[Haskell-beginners] Code help requested
Daniel Fischer
daniel.is.fischer at web.de
Wed Jan 13 17:11:02 EST 2010
Am Mittwoch 13 Januar 2010 20:58:17 schrieb Tim Perry:
> A side benefit of using foldl' instead of foldr is that I can now run it
> against the entire dictionary!
> I found a good explanation of why here:
> http://www.haskell.org/haskellwiki/Foldr_Foldl_Foldl%27
Yep. One thing, though: seq, and hence foldl' only evaluates to weak head
normal form (WHNF), that is (leaving aside lambda expressions), to the
topmost constructor.
So, e.g. list `seq` value only checks whether list is [] or (_:_), that may
not be enough strictness in a fold. The constructors of Map are strict
enough to avoid large thunks in general with foldl', but for example to
compute the average of a list of numbers:
average :: [Double] -> Double
average list = sumList / countList
where
(sumList,countList) = foldl' add (0,0) list
add (s,c) x = (s+x,c+1)
isn't strict enough, sumList and countList will be large thunks because in
each step add (s,c) x will be evaluated enough only to see that it is
indeed a pair.
For such cases, one needs to force the evaluation further by hand.

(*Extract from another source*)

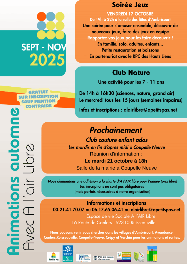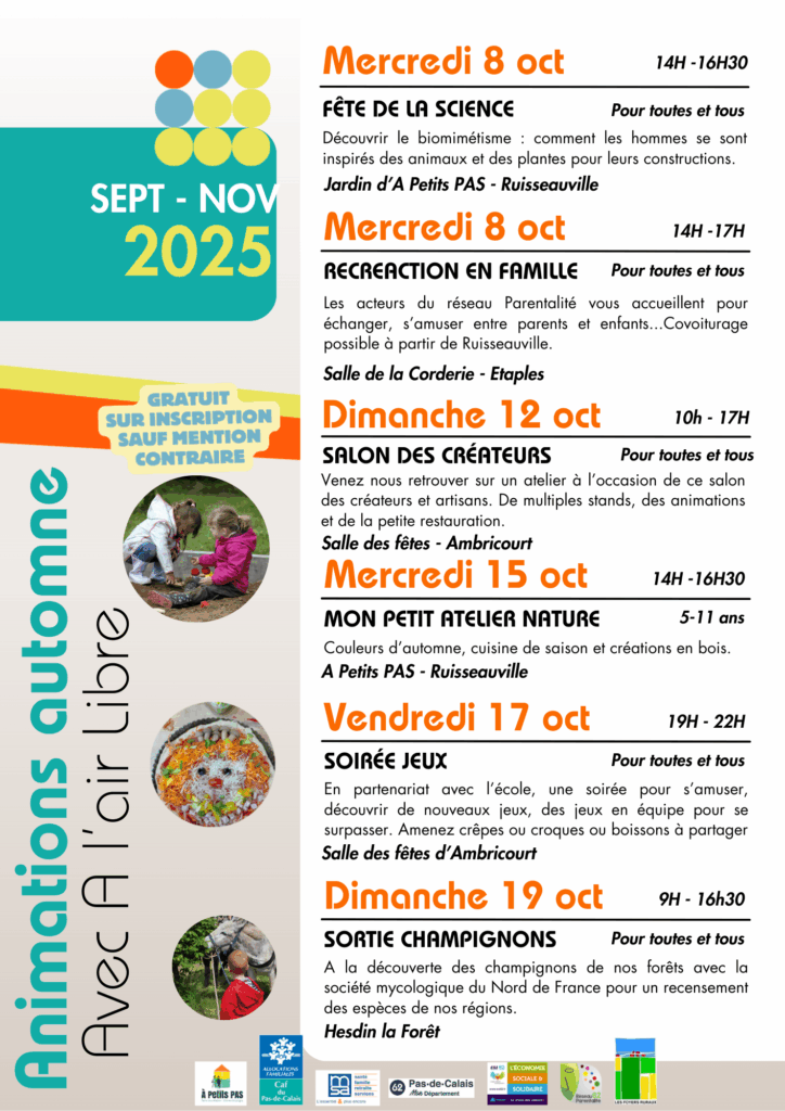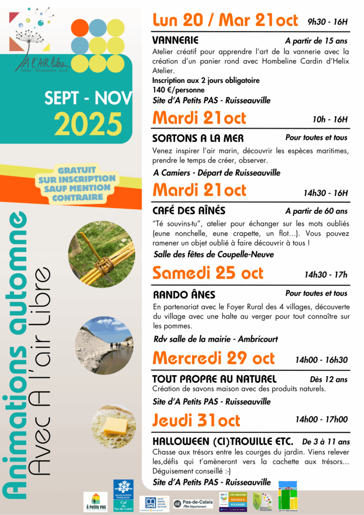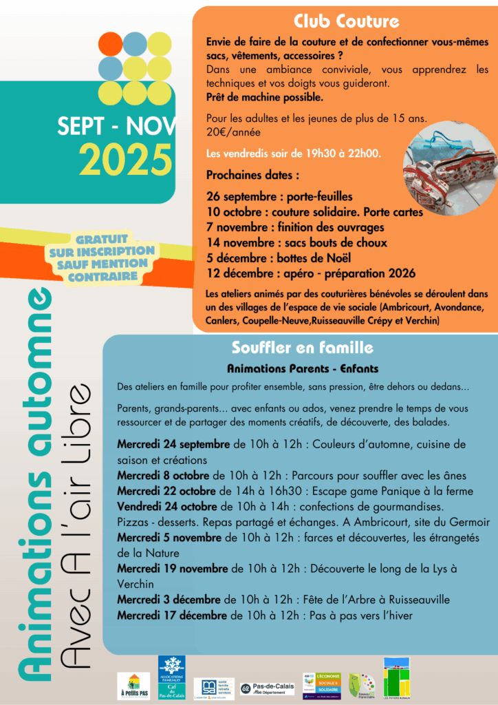 Découvrez le programme de l’Espace de Vie Sociale A l’AIR Libre à Ruisseauville de septembre à novembre 2025

One possibility is to write a stricter function:
add' (s,c) x
= let s1 = s+x
c1 = c+1
in s1 `seq` c1 `seq` (s1,c1)
or, using BangPatterns:
add' (!s,!c) x = (s+x,c+1)
Another possibility is to use a sufficiently strict data type
data DPair = DP !Double !Double
add (DP s c) x = DP (s+x) (c+1)
(the strict fields will keep the numbers completely evaluated at each
step), a third is to use rnf {- reduce to normal form -} from
Control.Parallel.Strategies or another sufficiently strict strategy,
respectively deepseq.
Which one is the best choice varies of course.